# Passat Cc low modifications



## B.A.G (Dec 5, 2010)

I bagged my passat CC with a GAS (German Airride Systems) but when I see at some other CC's over here they are lying lower then mine..
I have heard that front sway bar can make some difference but I didn't attached the swaybar and my car was lying on the same hight :facepalm: I looked at the axle but there i've got some space left so that's not the problem.. probably I'm on the end of my shocks.. Some other advice because I need to drop half an inch to an inch more in the front 




Uploaded with ImageShack.us



Uploaded with ImageShack.us



Uploaded with ImageShack.us


----------



## Monkeykungfu (May 15, 2009)

Can't help with moar low, but wanted to say that CC is clean & looks guh-reat!! :thumbup:


----------



## markfif (Oct 25, 2007)

If it does not look like anything is touching then you are probably being held up by the struts like you were saying. Look into shortening them a bit or modify the top strut mounts. Another option would be to order a set of Air Lift air struts from over here in the states


----------



## B.A.G (Dec 5, 2010)

markfif said:


> If it does not look like anything is touching then you are probably being held up by the struts like you were saying. Look into shortening them a bit or modify the top strut mounts. Another option would be to order a set of Air Lift air struts from over here in the states


the 4th of May I go to Worthersee and I will visit the bagyard factory. Try to test a bomber kit from bagyard to hope it goes lower...
I hope I don't have any problems with the front swaybar because taking it away is no option


----------



## bacardicj151 (Dec 9, 2007)

markfif said:


> If it does not look like anything is touching then you are probably being held up by the struts like you were saying. Look into shortening them a bit or modify the top strut mounts. Another option would be to order a set of Air Lift air struts from over here in the states


Air lift struts are not compatible with passat CCs. Try koni or bilstein


----------



## Niagara_V_Dub (Sep 25, 2007)

Are your wheels sitting on the inner fender wells? I remember seeing someone that had to modify those.

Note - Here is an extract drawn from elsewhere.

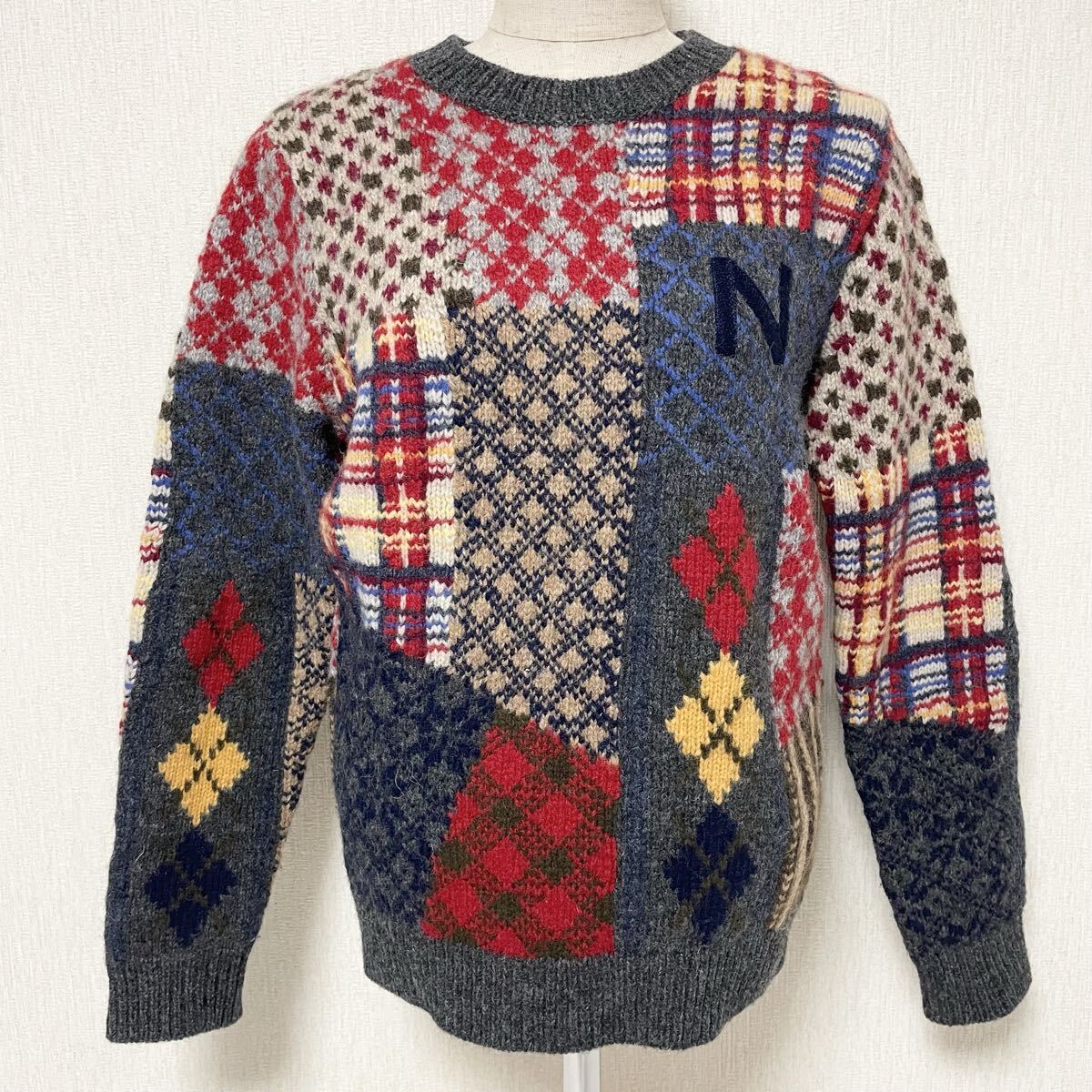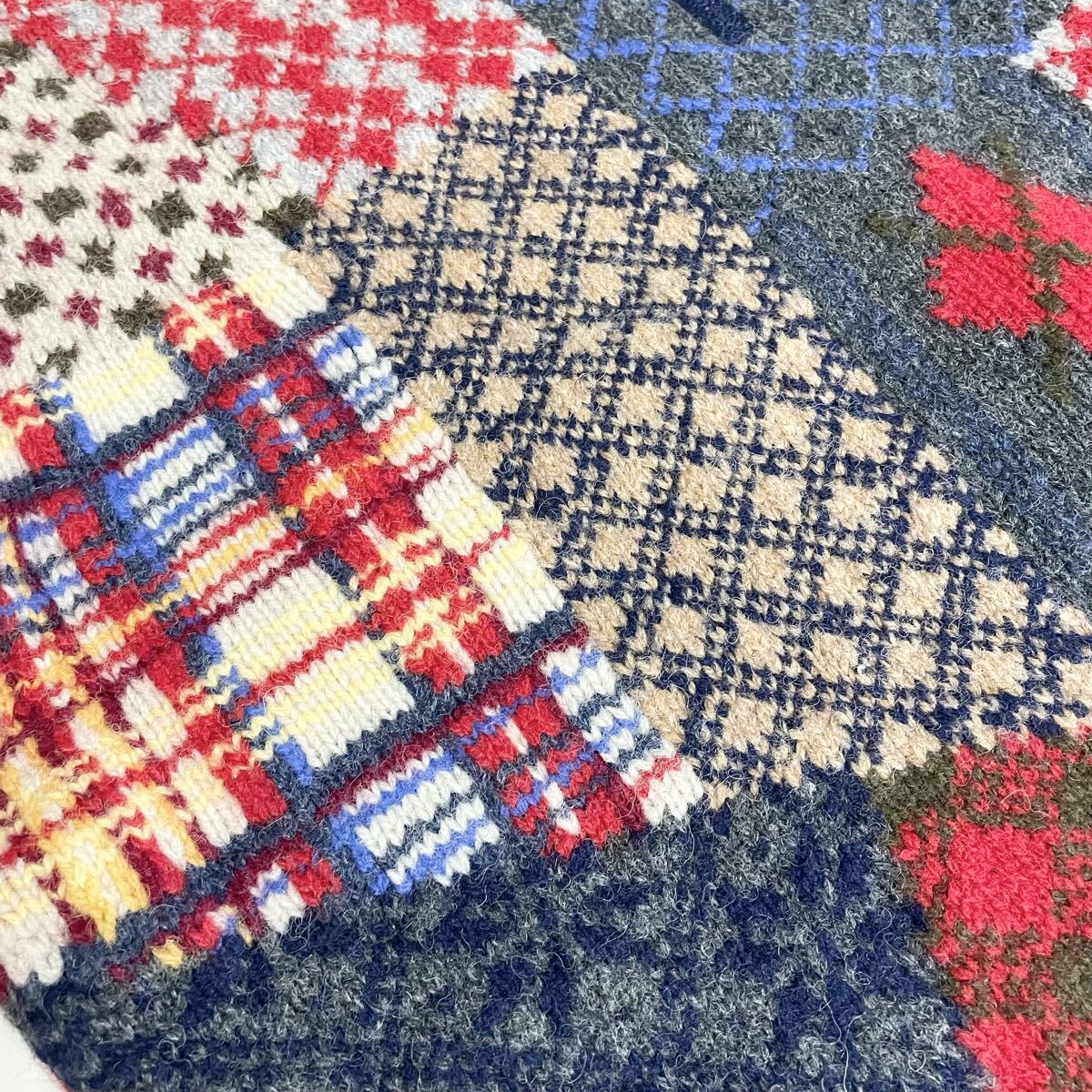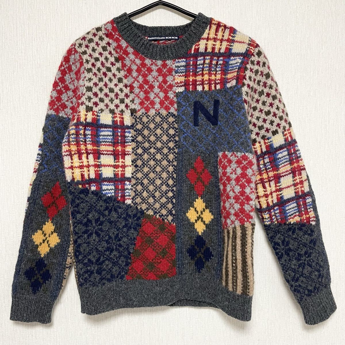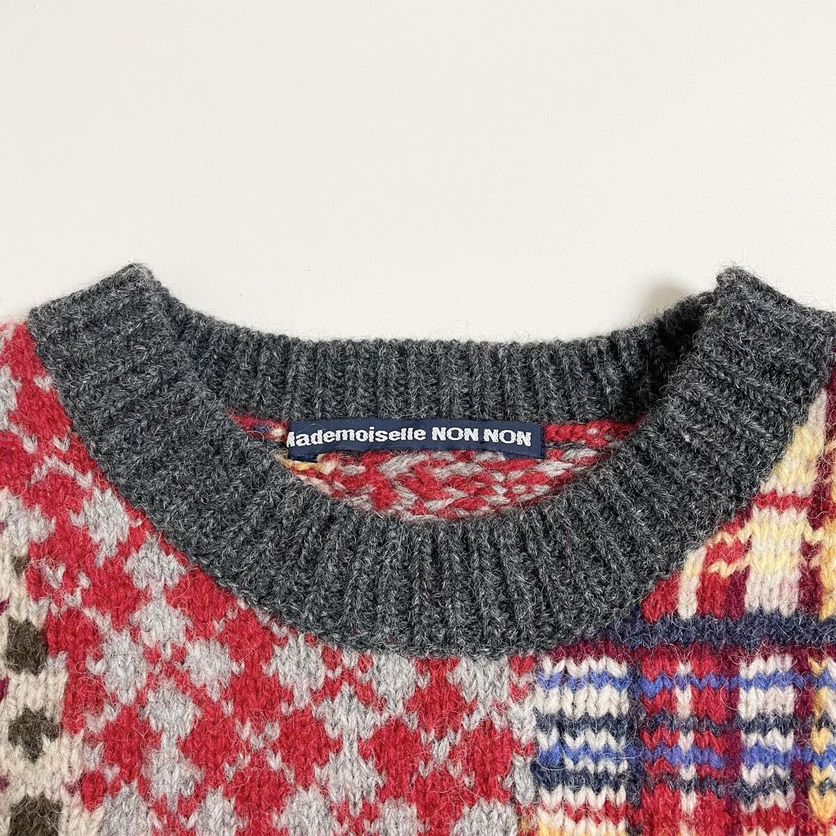 即決☆Mademoiselle NON NON マドモアゼルノンノン パッチワーク ウール ニット セーター 美品 マルチカラー

And the car is SEXY! What wheels are those?


----------



## B.A.G (Dec 5, 2010)

Niagara_V_Dub said:


> Are your wheels sitting on the inner fender wells? I remember seeing someone that had to modify those.
> 
> And the car is SEXY! What wheels are those?


If I see Nicul his CC his wheels are deeper into the fenders as mine so I guess I'm not on the inner wells! I will check this when I try the bagyard set. I know that Matt posted some pictures where you could see that the tyre was lying on this wells

wheels are 3 piece Wheels and more


----------



## Rat4Life (Oct 14, 2004)

B.A.G said:


> If I see Nicul his CC his wheels are deeper into the fenders as mine so I guess I'm not on the inner wells! I will check this when I try the bagyard set. I know that Matt posted some pictures where you could see that the tyre was lying on this wells
> 
> wheels are 3 piece Wheels and more


 try removing splash shields( plastic inner fender trim) completely,just to see if they hold you up. 
also hammer down flat top pinch welds(metal up on top) 
like this (probably not TUV approved) 
[url=http://www.flickr.com/photos/r...kr.com/5119/7066514485_5479bf53a4_z.jpg[/img] IMG_2560 by misha/rat4life, on Flickr[/URL]


----------



## Trade-N-Games (Feb 22, 2008)

Your back looks about right! I think your front will come down a little more. I have the Airlift slam in front and my left front will make all the rubber up in wheel well. I did cut my plastic fenders out they were hitting. What sucks about removing them is rocks and massive water splash into engine bay. My right side hits the axel and its about 1 inch higher on right. Notch coming soon


----------



## Miotke (May 16, 2010)

Shorter struts. :thumbup: 

Car looks great as is, which wheels are those?opcorn:


----------



## B.A.G (Dec 5, 2010)

Miotke said:


> Shorter struts. :thumbup:
> 
> Car looks great as is, which wheels are those?opcorn:


 Hope that this will help me to drop that inch more, and nothing is holding me up  

Wheels are from : wheels & more! www.wheelsandmore.de


----------